The remaining encodings returned similar performances.

### Logistic Regression Performance

In [33]:
def run_logistic(X_train, X_test, y_train, y_test):

    # function to train and test the performance of logistic regression
    logit = LogisticRegression(random_state=44, C=0.01, max_iter=100)
    logit.fit(X_train, y_train)

    print("Train set")
    pred = logit.predict_proba(X_train)
    print("Logistic Regression roc-auc: {}".format(roc_auc_score(y_train, pred[:, 1])))

    print("Test set")
    pred = logit.predict_proba(X_test)
    print("Logistic Regression roc-auc: {}".format(roc_auc_score(y_test, pred[:, 1])))

In [34]:
# OHE
run_logistic(X_train_OHE, X_test_OHE, y_train, y_test)

Train set
Logistic Regression roc-auc: 0.8287932450467097
Test set
Logistic Regression roc-auc: 0.8013902412636589


In [35]:
# counts
run_logistic(X_train_count, X_test_count, y_train, y_test)

Train set
Logistic Regression roc-auc: 0.7899009341956678
Test set
Logistic Regression roc-auc: 0.7391810018392297


STOP: TOTAL NO. of ITERATIONS REACHED LIMIT.

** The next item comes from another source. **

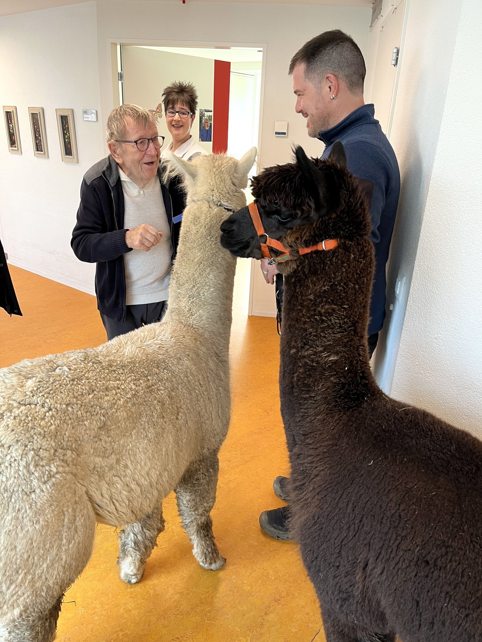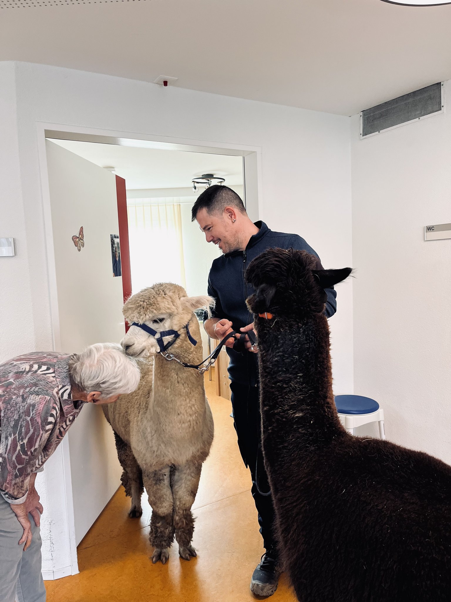 Am wichtigsten sei heute Nachmittag die Freude, sagt Thom Bernard. Und strahlt übers ganze Gesicht, während er die letzten Vorkehrungen für den nachmittäglichen Besuch auf der Demenzabteilung des Alterszentrums Schlossgut in Münsingen (BE) trifft. Hier hat der diplomierte Pflegefachmann als Stationsleiter gearbeitet, bevor er sich mit seinen Alpakas selbstständig machte. Aus den anfänglichen vier sind mittlerweile über 90 Tiere geworden. Eine stattliche Herde. «Es ist ein 7-mal-24 Stunden-Job», sagt der 45-Jährige, dem sein Partner in jeder freien Minute und ein Wochenende pro Monat zwei Aushilfskräfte bei der Versorgung der agilen Tiere zur Hand gehen, die an diesem sonnigen Nachmittag in der Berner Gemeinde Köniz an drei unterschiedlichen Standorten grasen.

Increase the number of iterations (max_iter) or scale the data as shown in:
    https://scikit-learn.org/stable/modules/preprocessing.html
Please also refer to the documentation for alternative solver options:
    https://scikit-learn.org/stable/modules/linear_model.html#logistic-regression
  n_iter_i = _check_optimize_result(


In [36]:
# ordered labels
run_logistic(X_train_ordered, X_test_ordered, y_train, y_test)

Train set
Logistic Regression roc-auc: 0.8223924648393389
Test set
Logistic Regression roc-auc: 0.8006870063832089


In [37]:
# mean encoding
run_logistic(X_train_mean, X_test_mean, y_train, y_test)

Train set
Logistic Regression roc-auc: 0.7791217534134072
Test set
Logistic Regression roc-auc: 0.7481878178080709


In [38]:
# woe encoding
run_logistic(X_train_woe, X_test_woe, y_train, y_test)

Train set
Logistic Regression roc-auc: 0.850844369161277
Test set
Logistic Regression roc-auc: 0.8202964405496052


For Logistic regression, the best performances was obtained with weight of evidence, followed by one hot encoding.